With regards to your last point, that the "SHAP Delta" does not match the "Actual Delta": I think that you are misunderstanding what these values represent. The SHAP value of a specific feature do not represent the difference in prediction if we were to exclude/remove that feature from the model. Instead, the SHAP value of a specific feature represents the average contribution of the feature across all coalitions. This is why your "SHAP Delta" and "Actual Delta" do not match, the "Actual Delta" is just the contribution of the feature in a single coalition. Other than that, great video!

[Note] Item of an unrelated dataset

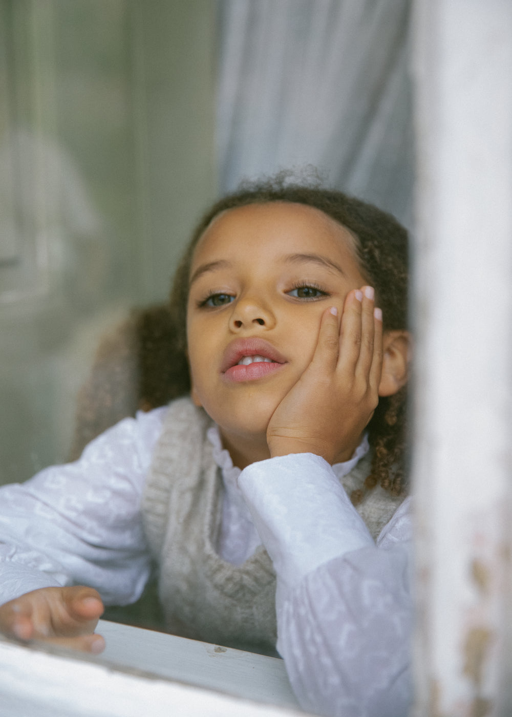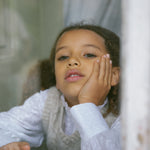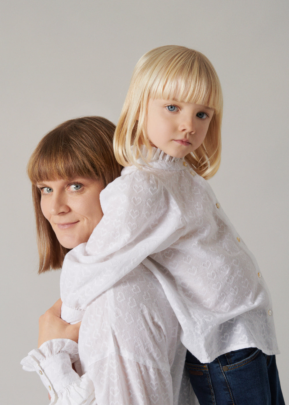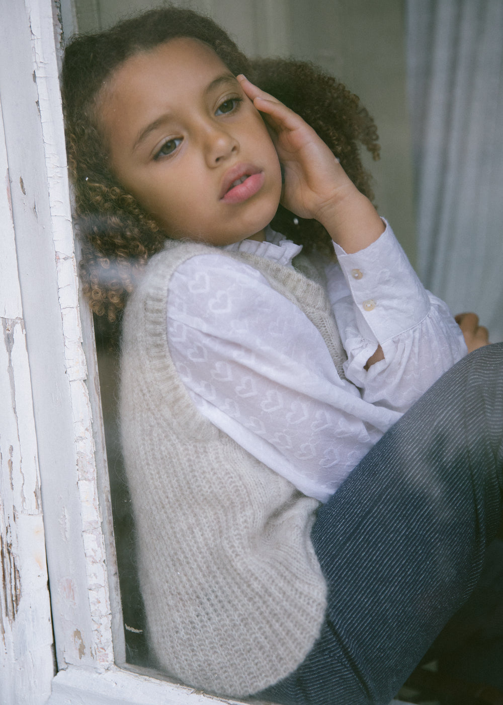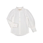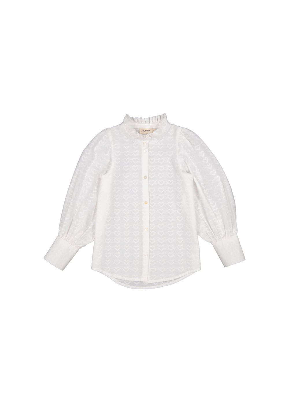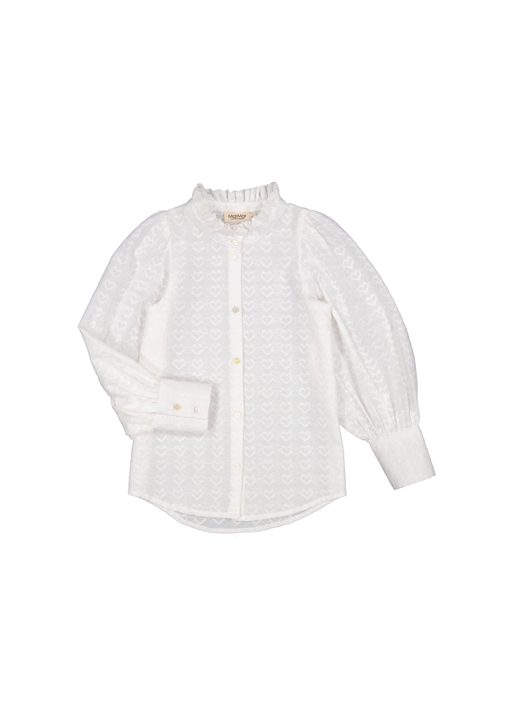 Shirt for children with fine heart embroidery, high ruffle collar, voluminous sleeves and buttons at the front

@robgeada6618 2 года назад

Thanks! Two quick points: first, the "actual" delta I showed there is the average model output when that specific feature is replaced with each value from the background while all other features are held fixed. It's what that feature's SHAP value would be if the background dataset only had variance in that one specific feature column and was otherwise identical to the explained datapoint. So yeah, it absolutely was not an accurate measurement of what a SHAP value is really doing mathematically. But second, that was deliberate: SHAP is advertised as producing explanations that are linearly independent measurements of each feature's contribution, but as our result showed, the SHAP value wasn't actually reflective of how this particular model behaved when you removed the feature. And of course, that's because of the exact reasons you pointed out, that a SHAP value is a measurement of the difference between that feature's presence and absence in every possible coalition of the background, not an indication of the effects of pure removal/exclusion. So in essence, that's the exact point I was trying to make: SHAP values do indeed encode all kinds of subtle information about feature dependence and all of the comparisons against the specific background dataset chosen, but were relatively inaccurate in the measuring the effect of replacing a single feature with background values. This difference is what I was trying to show but I definitely should have been clearer about: for models with a lot of feature interaction, SHAP will sacrifice single-feature effect accuracy for accurately representing all feature interations against the background, and whether that is a desirable attribute will depend on specific use-case and user preference.